The situation is bad, unlikely to improve soon. Argentina is suffering from a confidence issue; external investors are not confident Argentina will be able to pay debts (fair) and question future economic health (also fair), while internal consumers are suffering from hyperinflation tearing away at the value of their currency with a sustained environment against consumer spending. AND IT SHOWS. Consumer spending has dropped in real terms to nothing. That isn't to suggest the economy is dead, but consumers certainly aren't interacting with it on the government's terms - which means to outside investors the sovereign is dead. There are easy fixes and hard fixes. Argentina is suffering from a currency crisis the government deserves but the citizens don't - the Federal Reserve has offered direct credit swaps in the past to Brazil and Mexico (among others), and a line could help Argentina. I am still studying the effect these swaps have on the currency exchange rate, and it does appear to limit devaluation to a variable effect based on the internal economy. Argentina could benefit from the swap line in finding an easy supply to Dollars without hurting itself, but dollar liquidity isn't the cause for them. Hard fixes are fixing the internal business environment, which would require a direct combination of education (taking years to decades for full effect), guidance (national business combining localized banking initiative to address capital allocation), regulation, AND taxation. Offering low interest rates for businesses to experiment is critical in an economy, but the population is far from consumer-primed.

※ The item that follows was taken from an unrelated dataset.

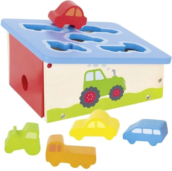 Diese hochwertige GOKI-Steckbox aus Holz mit öffnendem Deckel und Aussparungen in Fahrzeugformen ist das ideale Hilfsmittel für die ersten Entdeckungen der Formen. Kinder lernen spielerisch, Formen und Farben zu erkennen, entwickeln die Hand-Auge-Koordination und trainieren die Feinmotorik der Finger.

Argentina needs guidance, Government, Central bank, and national businesses alike. Diversification of goods, advanced manufacturing capabilities, internalization of demand, regulation and enforcement protecting domestic startups along with serious pushes in education, social improvement spending, technology and process development gifts. Debt isn't an enemy, but a lack of responsible and salient business plan is. Argentinian leaders need to develop a coherent timeline of events they can reasonably do to support citizens psychologically, socially, and economically to drive localized spending to create a sustainable economy. Working with international businesses to advance manufacturing capacity at responsible wages, and creating critical developmental infrastructure step-wise. Until then, Argentina will suffer as soybean demand declines worldwide against increasing global production and decreased national diversification- a worsening emerging market crisis - and a self-destructive central bank and sovereign government.